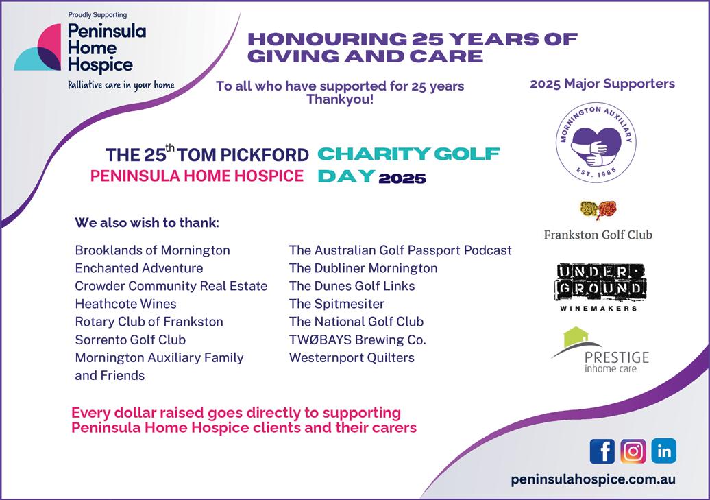 Devilbend, Flinders, and HMAS Cerberus Golf clubs are also supporting the day by donating rounds of golf for the winners.
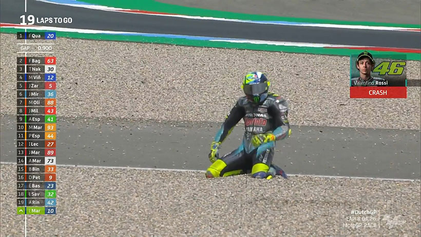 Ενας αγώνας για να ξεχάσει ήταν για τον Valentino Rossi ο οποίος, μετά από μια κακή εκκίνηση από τη 12η θέση, βρέθηκε προτελευταίος στην πρώτη στροφή και αργότερα έπεσε με μεγάλη ταχύτητα στη στροφή 7, ευτυχώς χωρίς συνέπειες αλλά εγκατέλειψε τον αγώνα.
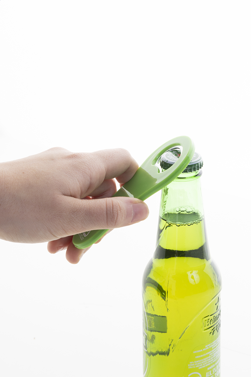 Otvírák na láhve z recyklovaného ABS plastu s magnetem na lednici.

================================

▸ Instructions to follow
Each line of the material above should be set down exactly, with no pictures.

▸ Task output
 Devilbend, Flinders, and HMAS Cerberus Golf clubs are also supporting the day by donating rounds of golf for the winners.
 Ενας αγώνας για να ξεχάσει ήταν για τον Valentino Rossi ο οποίος, μετά από μια κακή εκκίνηση από τη 12η θέση, βρέθηκε προτελευταίος στην πρώτη στροφή και αργότερα έπεσε με μεγάλη ταχύτητα στη στροφή 7, ευτυχώς χωρίς συνέπειες αλλά εγκατέλειψε τον αγώνα.
 Otvírák na láhve z recyklovaného ABS plastu s magnetem na lednici.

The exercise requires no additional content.